• _Work item_: Would you retype the lines from the one that holds "Photo: Rahsaan Hall" to the final line of the entries below, both ends included and exactly as written, but without pictures?
::: Records provided
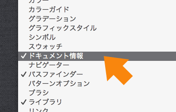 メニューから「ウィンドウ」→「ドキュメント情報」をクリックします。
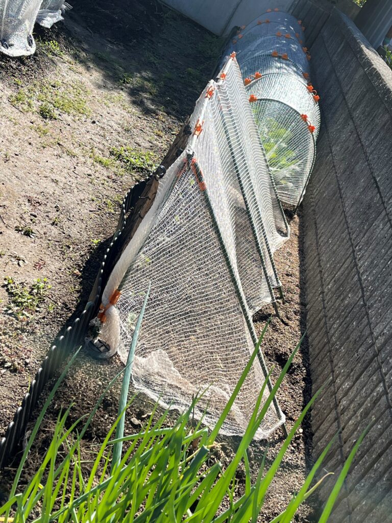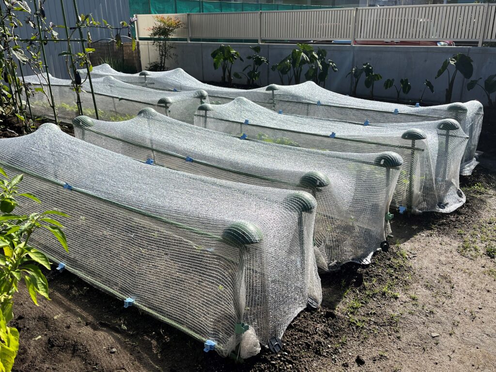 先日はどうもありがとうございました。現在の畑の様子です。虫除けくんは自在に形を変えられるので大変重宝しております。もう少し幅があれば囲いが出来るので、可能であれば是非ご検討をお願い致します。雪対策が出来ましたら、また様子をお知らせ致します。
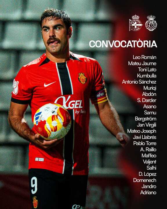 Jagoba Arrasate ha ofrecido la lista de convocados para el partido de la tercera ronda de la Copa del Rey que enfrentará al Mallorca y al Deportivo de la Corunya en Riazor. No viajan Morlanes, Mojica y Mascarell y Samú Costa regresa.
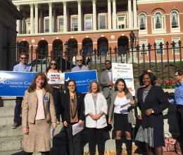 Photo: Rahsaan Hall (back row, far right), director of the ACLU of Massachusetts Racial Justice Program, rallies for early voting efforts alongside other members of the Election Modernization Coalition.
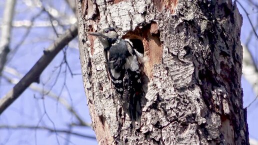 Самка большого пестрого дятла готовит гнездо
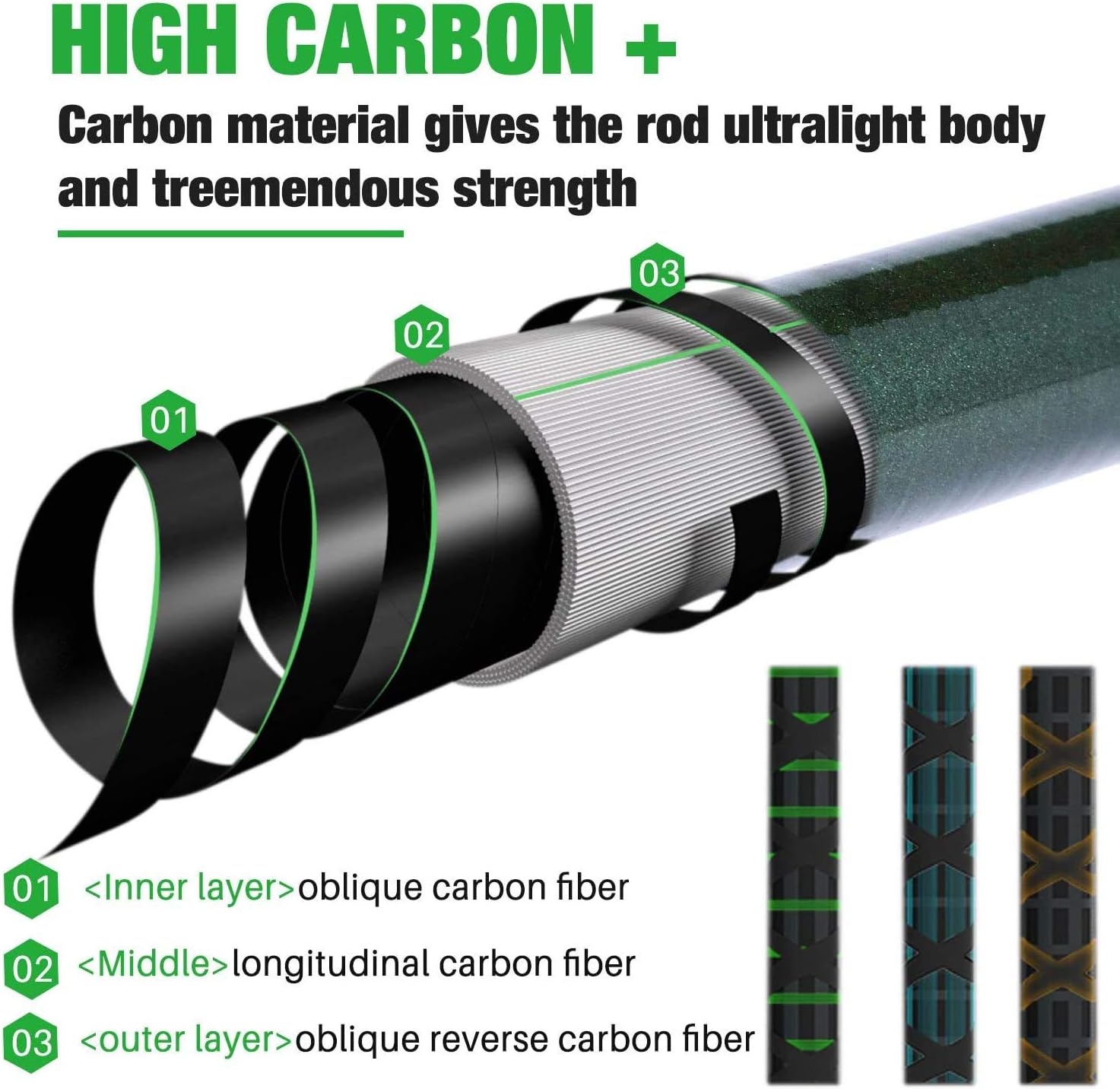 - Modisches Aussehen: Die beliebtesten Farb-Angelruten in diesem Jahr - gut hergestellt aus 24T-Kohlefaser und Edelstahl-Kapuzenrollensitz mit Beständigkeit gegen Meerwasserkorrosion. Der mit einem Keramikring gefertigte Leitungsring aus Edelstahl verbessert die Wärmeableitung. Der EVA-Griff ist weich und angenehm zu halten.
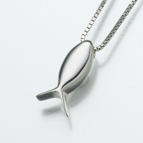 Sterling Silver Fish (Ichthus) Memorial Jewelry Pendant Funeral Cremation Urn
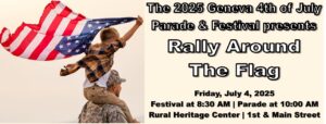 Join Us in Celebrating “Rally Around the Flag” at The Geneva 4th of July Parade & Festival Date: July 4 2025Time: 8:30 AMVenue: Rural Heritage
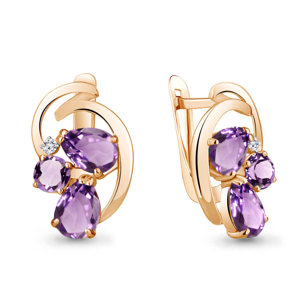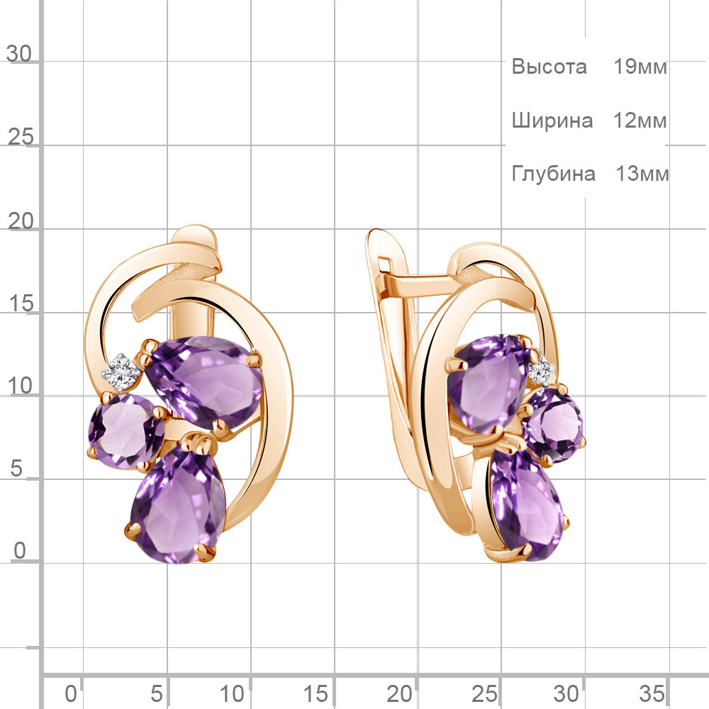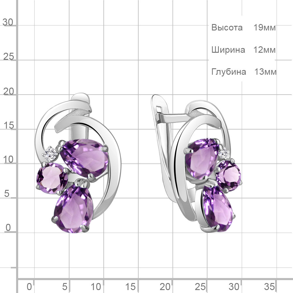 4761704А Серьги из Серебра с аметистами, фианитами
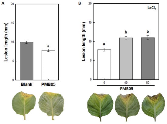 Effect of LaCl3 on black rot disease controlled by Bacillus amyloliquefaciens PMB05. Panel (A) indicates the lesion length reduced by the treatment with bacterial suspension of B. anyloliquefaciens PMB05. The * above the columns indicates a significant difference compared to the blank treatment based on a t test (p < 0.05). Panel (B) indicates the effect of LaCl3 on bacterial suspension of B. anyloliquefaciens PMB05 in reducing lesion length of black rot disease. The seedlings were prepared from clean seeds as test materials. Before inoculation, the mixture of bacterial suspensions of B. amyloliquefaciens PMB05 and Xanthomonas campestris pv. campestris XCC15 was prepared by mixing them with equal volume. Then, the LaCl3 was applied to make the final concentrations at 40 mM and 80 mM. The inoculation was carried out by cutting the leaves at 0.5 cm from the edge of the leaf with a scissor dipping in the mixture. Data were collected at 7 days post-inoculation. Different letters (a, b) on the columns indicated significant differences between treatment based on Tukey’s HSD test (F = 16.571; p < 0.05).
::::::
• _Response_:
 Photo: Rahsaan Hall (back row, far right), director of the ACLU of Massachusetts Racial Justice Program, rallies for early voting efforts alongside other members of the Election Modernization Coalition.
 Самка большого пестрого дятла готовит гнездо
 - Modisches Aussehen: Die beliebtesten Farb-Angelruten in diesem Jahr - gut hergestellt aus 24T-Kohlefaser und Edelstahl-Kapuzenrollensitz mit Beständigkeit gegen Meerwasserkorrosion. Der mit einem Keramikring gefertigte Leitungsring aus Edelstahl verbessert die Wärmeableitung. Der EVA-Griff ist weich und angenehm zu halten.
 Sterling Silver Fish (Ichthus) Memorial Jewelry Pendant Funeral Cremation Urn
 Join Us in Celebrating “Rally Around the Flag” at The Geneva 4th of July Parade & Festival Date: July 4 2025Time: 8:30 AMVenue: Rural Heritage
 4761704А Серьги из Серебра с аметистами, фианитами
 Effect of LaCl3 on black rot disease controlled by Bacillus amyloliquefaciens PMB05. Panel (A) indicates the lesion length reduced by the treatment with bacterial suspension of B. anyloliquefaciens PMB05. The * above the columns indicates a significant difference compared to the blank treatment based on a t test (p < 0.05). Panel (B) indicates the effect of LaCl3 on bacterial suspension of B. anyloliquefaciens PMB05 in reducing lesion length of black rot disease. The seedlings were prepared from clean seeds as test materials. Before inoculation, the mixture of bacterial suspensions of B. amyloliquefaciens PMB05 and Xanthomonas campestris pv. campestris XCC15 was prepared by mixing them with equal volume. Then, the LaCl3 was applied to make the final concentrations at 40 mM and 80 mM. The inoculation was carried out by cutting the leaves at 0.5 cm from the edge of the leaf with a scissor dipping in the mixture. Data were collected at 7 days post-inoculation. Different letters (a, b) on the columns indicated significant differences between treatment based on Tukey’s HSD test (F = 16.571; p < 0.05).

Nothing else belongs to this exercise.